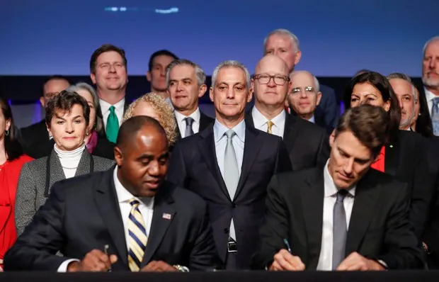 一群市长在12月签署了芝加哥气候宪章。卡米尔·克拉恰津斯基/路透社美国的城乡分歧在唐纳德·特朗普总统当选后成为不可避免的讨论点,而他执政的第一年只进一步加剧了一般持进步价值观的城市飞地与保守的内陆地区之间的对抗。看看CityLab的理查德·弗罗里达为政治家撰写的“城市独立宣言”,呼吁城市绕过反城市的白宫。
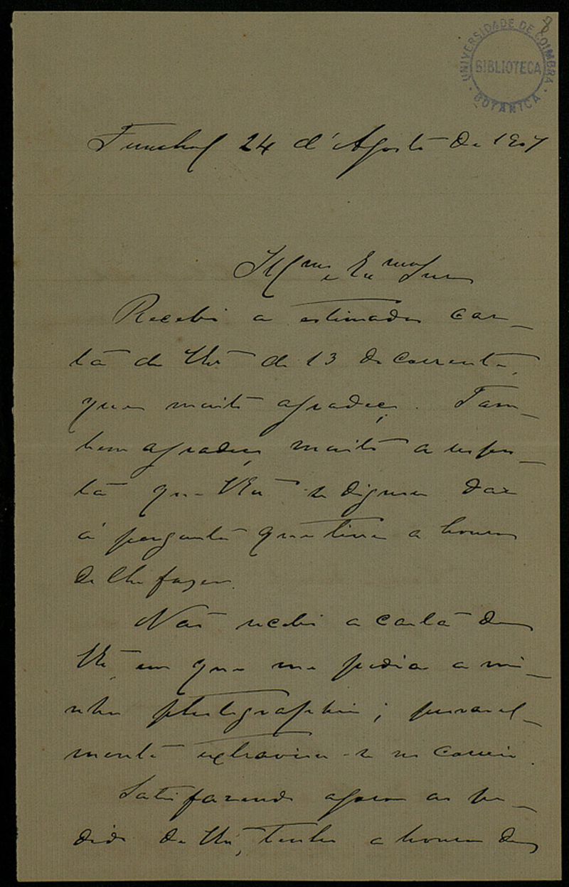 [Carta], 1907 Ago. 24, Funchal, [a Júlio Henriques, Coimbra]
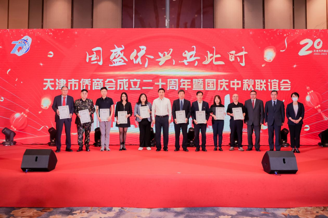 金风送爽,中秋月圆,9月27日晚,天津市侨商会隆重召开成立二十周年暨国庆中秋联谊活动,市委统战部分管日常工作副部长刘志强,中国侨联副主席、天津市侨联党组书记、主席李占勇,市委统战部副部长、一级巡视员林洁,中国侨商联合会副会长兼秘书长夏付东,中国侨商联合会常务副会长、天津市侨商会会长李学海,市政协港澳台侨和外事委员会主任金志方,市工商联主席、市总商会会长娄杰,市人大民宗侨委员会副主任委员林引等出席,原侨办领导、商会名誉会长、统战部与侨联相关部门负责人、友好商协会相关领导出席,与侨商一起畅叙友情,共谋发展。联谊会由理事企业天津尚德药缘科技股份有限公司联合创始人、实控人、首席运营官郝曼淋,副会长企业天津滨海松昌国际物流(集团)有限公司进口部副经理胡雪斌主持。
☆ ☆ ☆
▸ Task description
All the lines above need to be repeated exactly, with no pictures carried over.

▸ Output of the exercise
 一群市长在12月签署了芝加哥气候宪章。卡米尔·克拉恰津斯基/路透社美国的城乡分歧在唐纳德·特朗普总统当选后成为不可避免的讨论点,而他执政的第一年只进一步加剧了一般持进步价值观的城市飞地与保守的内陆地区之间的对抗。看看CityLab的理查德·弗罗里达为政治家撰写的“城市独立宣言”,呼吁城市绕过反城市的白宫。
 [Carta], 1907 Ago. 24, Funchal, [a Júlio Henriques, Coimbra]
 金风送爽,中秋月圆,9月27日晚,天津市侨商会隆重召开成立二十周年暨国庆中秋联谊活动,市委统战部分管日常工作副部长刘志强,中国侨联副主席、天津市侨联党组书记、主席李占勇,市委统战部副部长、一级巡视员林洁,中国侨商联合会副会长兼秘书长夏付东,中国侨商联合会常务副会长、天津市侨商会会长李学海,市政协港澳台侨和外事委员会主任金志方,市工商联主席、市总商会会长娄杰,市人大民宗侨委员会副主任委员林引等出席,原侨办领导、商会名誉会长、统战部与侨联相关部门负责人、友好商协会相关领导出席,与侨商一起畅叙友情,共谋发展。联谊会由理事企业天津尚德药缘科技股份有限公司联合创始人、实控人、首席运营官郝曼淋,副会长企业天津滨海松昌国际物流(集团)有限公司进口部副经理胡雪斌主持。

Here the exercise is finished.